Un buen día, hace alrededor de 10 años, me uní a los cientos de gentes que formulan cada domingo la solemne promesa de no volver al estadio.
No era un fanático compulsivo de esos que van al juego con radio para oírlo simultáneamente, regresan a la casa a ver todos los programas deportivos y leen hasta la última de las crónicas en los periódicos del día siguiente.
Iba al estadio de vez en cuando, hasta que me convencí que no valía la pena porque algo había empezado a cambiar: se iniciaba el fin de la era del futbol-competencia para dar paso a la época del futbol-espectáculo que vivimos ahora.

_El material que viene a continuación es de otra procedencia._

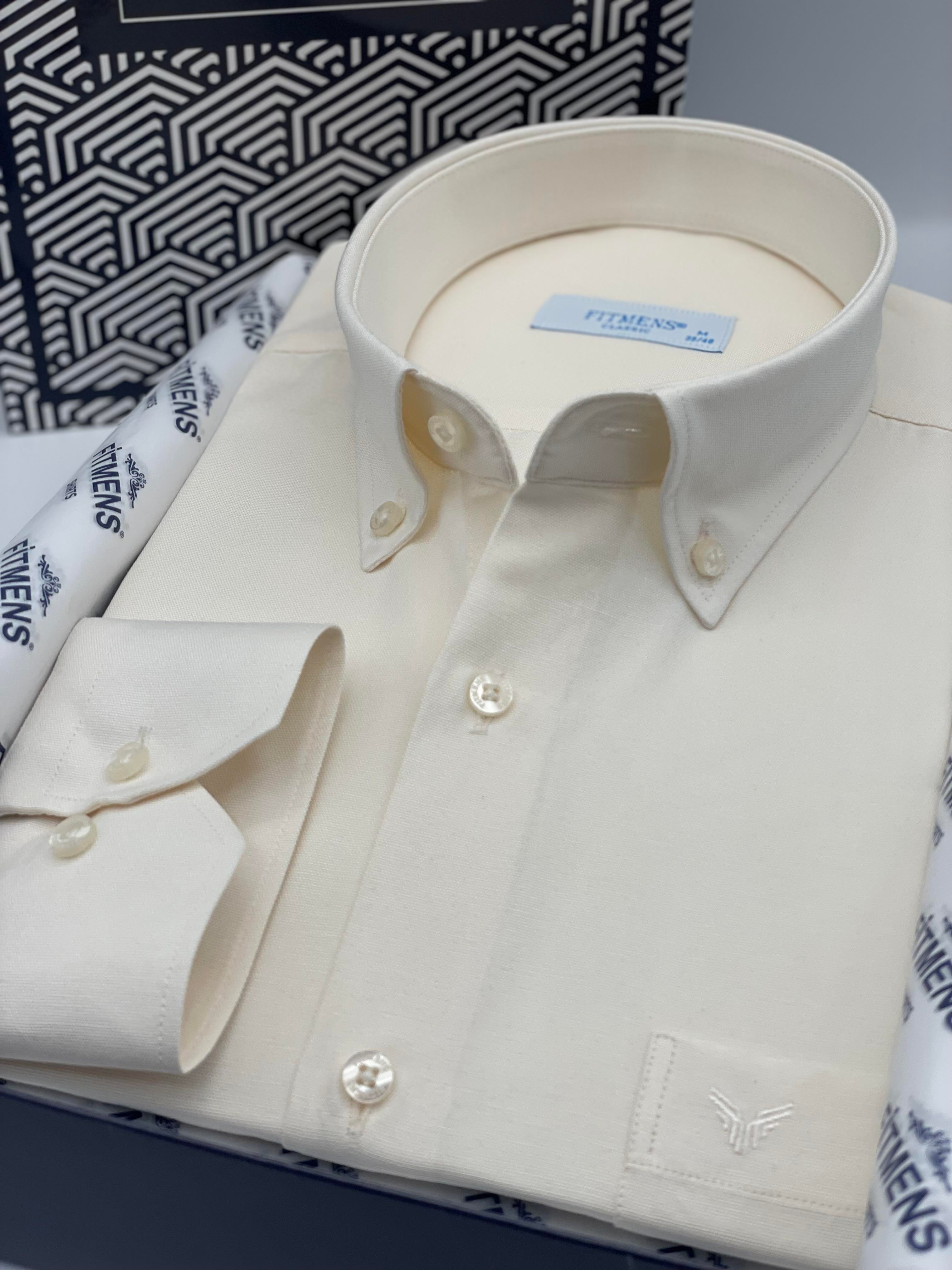 Klasik Uzun Kol Pamuklu Yaka Düğmeli Hediye Kutulu Kolay Ütülenebilir Erkek Gömlek FS-003897 - Krem (FS-003897)
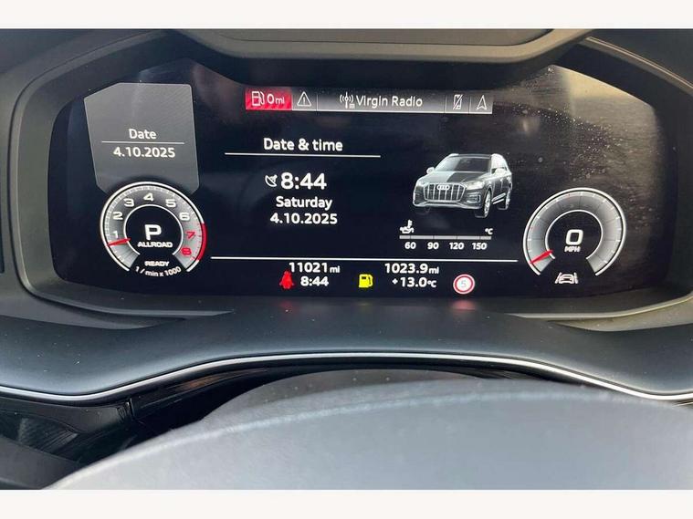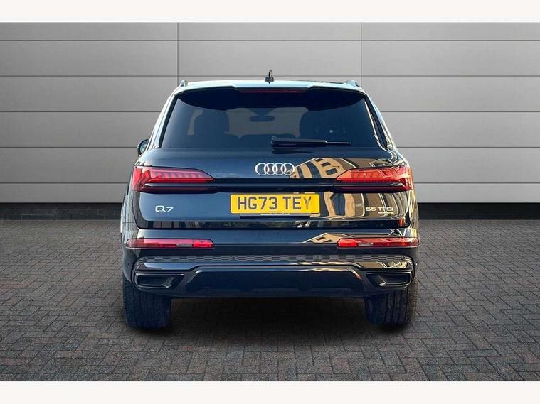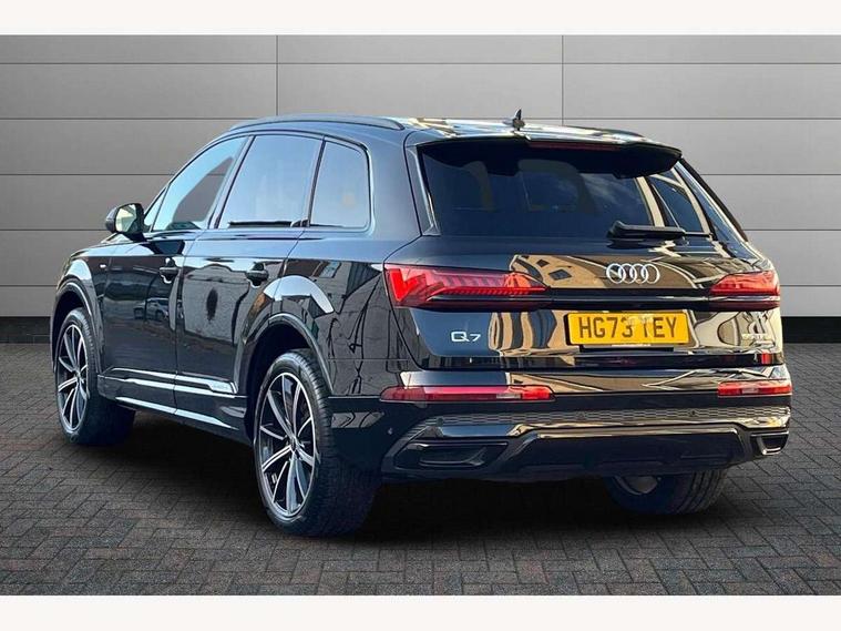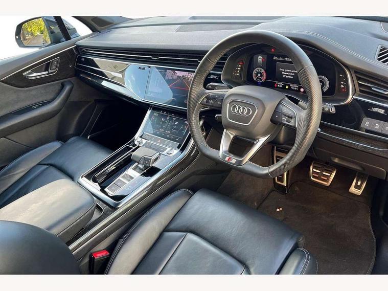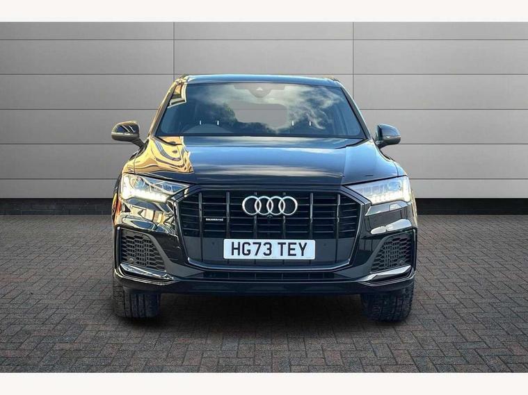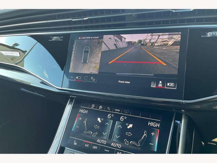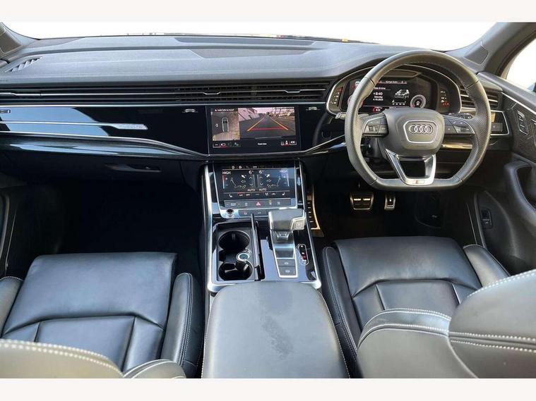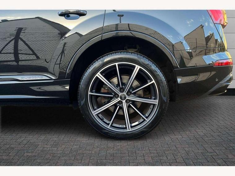 Audi connect safety and service (e-call), Audi connect with Amazon Alexa Integration, Audi drive select (Auto, Comfort, Dynamic, Efficiency, Individual, Off-road and All road), Audi phone box light with wireless charging, Audi virtual cockpit - 12.3" high-resolution LCD display with fully customisable instrument cluster, Bluetooth interface, Camera based traffic sign recognition, Electromechanical steering, MMI navigation plus with MMI touch screens includes 10.1" and 8.6" screens with haptic feedback, Natural voice recognition, Parking system plus with 360 degree display (front, rear and side sensors) - acoustic and visual park assist system, Power operated tailgate, Rear view camera, Smartphone interface includes wireless Apple carplay/Android Auto, Start/stop system, 48V Mild hybrid technology, 85 litre fuel tank, Adaptive air sports suspension, Quattro all wheel drive with self locking centre differential, Audi music interface - front 2 USB-C ports with charger and data functions, Audi sound system with 6 channel amplifier, 180 watt amplifying capacity and 10 loudspeakers including subwoofer, DAB digital radio module, 3rd brake light, Aluminium window trim, Audi Beam uses LEDs to project S emblem with red rhombus onto the ground when opening the side doors (front/rear), Auto dimming frameless rear view mirror, Black roof rails, Bumpers in contrast paint scandium grey finish includes door trim and wheel arch trim strips, inlays in door strip contain quattro embossing, Dark tinted Matrix LED headlights with dynamic front and rear indicators, Electrically adj heated/folding + automatically dimming exterior mirrors with memory + automatic kerb side function for passenger side exterior mirror, Heat insulating glass in windshield, Integrated LED indications in door mirrors, LED daytime running lights, LED rear tail lights, Privacy glass - dark tinted rear and rear side windows from B-pillar backwards, Rear side wing doors, Rear wiper, 2 seat bench in 3rd row, 2 zone automatic climate control, 3 seat bench in 2nd row, 7 seat layout with ISOFIX points for the front passenger seat and rear passenger seat, Black cloth headlining, Comfort front centre armrest, Electric adjustable front seat with 4 way lumbar support, driver memory functionality, Folding rear seats, Front head restraints, Front/rear floor mats, Heated front seats, Illuminated door sill trims with S logo, LED interior ambient lighting, Luggage compartment cover, Luggage compartment sill protection in stainless steel, Rear head restraints, Single front passenger seat, Stainless steel pedals, Sunvisors with illuminated vanity mirrors, Black styling pack plus - Q7, 3 point seatbelts on all rear seats, Audi pre sense front, Child locks on rear doors, Driver and front passenger, front side and curtain airbags, Electromechanical parking brake, Electronic Stabilisation Control (ESC) including ABS, ASR and EDL, Extended pedestrian protection measures, Hill hold assist, Seatbelt monitoring, Tyre pressure loss indicator, Warning triangle and first aid kit, Anti theft alarm, Anti-theft wheel bolts and wheel loosening detection, Keyless Go, Remote central locking, Polished oak trim with grey finish inlay, Tool kit, Tyre repair kit,

Empezaban a desaparecer la garra, la entrega, el amor por la camiseta, el desinterés pecuniario, el jugar por el placer de hacerlo, la disputa ardorosa en la cancha --y no en los tribunales de la Federación y mucho menos en las tertulias deportivas--, la mística, y en su lugar surgían las pinturas en la cara, los diseños de las camisetas, los árbitros como estrellas principales, las licras, los jugadores haciendo trencito y numeritos y toda clase de piruetas para celebrar los goles, los monstruos, los diablos, los leones, sus majestades, los matadores, las ultras, las turbas y las horas tatá.
De ahí que los jugadores --?se les puede culpar?-- tengan que actuar en consecuencia, a tono con la nueva pauta de conducta que les impone el mercado: cobro, luego pateo.
En fin, el futbol es ahora más una estructura promocional, publicitaria y financiera (solo en nuestro ingobernable campeonato es posible tener cuatro "clásicos" seguidos) que aturde los sentidos y desplaza los conceptos de calidad, que una gesta deportiva.
Hoy se juega con alegría y con solvencia; antes simplemente se jugaba bien... y con suspensorios.